Indonesian Political, Business & Finance News

KSPI Storms Ministry of Manpower Office, Demands Ban on Outsourcing

| | Source: KOMPAS Translated from Indonesian | Regulation
KSPI Storms Ministry of Manpower Office, Demands Ban on Outsourcing
Image: KOMPAS

JAKARTA, KOMPAS.com - Hundreds of workers under the Indonesian Confederation of Trade Unions (KSPI) stormed the Ministry of Manpower (Kemenaker) office in South Jakarta on Thursday (7/5/2026).

KSPI President Said Iqbal stated that they demanded Minister of Manpower Yassierli revise Ministerial Regulation on Employment (Permenaker) No. 7 of 2026 on Outsourced Workers or outsourcing. They objected to the regulation only limiting the use of outsourced workers to certain fields, instead of banning it altogether.

“Ministerial Regulation No. 7 of 2026 legalises outsourcing or outsourced workers. However, what workers demand, represented by KSPI along with the Labour Party, is a ban,” Said said when met at the location on Thursday.

In fact, Said said, President Prabowo Subianto, during the International Labour Day event at Monas, in his view approved the ban on outsourcing.

According to him, the current field conditions show many companies using outsourced labour massively in direct production processes in the manufacturing industry as well as goods and services.

“For example, welders in car factories, screwers in electronics factories—that’s outsourcing. Or bank tellers—that’s outsourcing,” Said explained.

KSPI regrets that Kemenaker did not include the ban explicitly in the articles of Ministerial Regulation No. 7 of 2026.

“So actually, the minister wants to legalise the existence of outsourcing. The prohibited articles were not included,” Said said.

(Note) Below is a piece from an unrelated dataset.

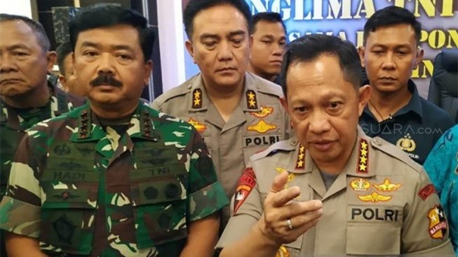 MEDANHEADLINES.COM – Kepala Kepolisian Indonesia Jenderal Tito Karnavian dan Panglima TNI Marsekal Hadi Tjahjanto akan berkantor di Papua selama sepekan. Hal itu dilakukan untuk meredam kerusuhan di sana.
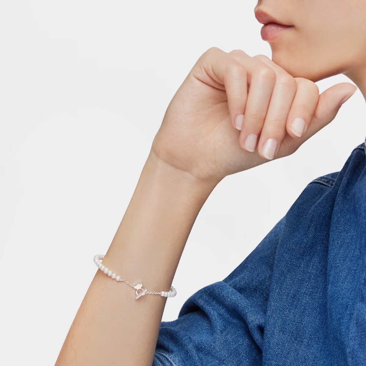 Браслет из стерлингового серебра с мотивом серебряного медведя и культивированным жемчугом I-Bear для вашего шикарного образа.

In addition, they also highlighted the absence of explicit articles stating the rights of outsourced workers to have permanent employee status if the employer violates the rules.

That provision would prevent companies from arbitrarily dismissing workers.

“This regulation does not include it. This is the minister’s trick to legalise outsourcing and outsourced workers,” Said said.

On the other hand, the existence of the regulation instead does not provide legal certainty, thus contradicting the Constitutional Court’s (MK) order.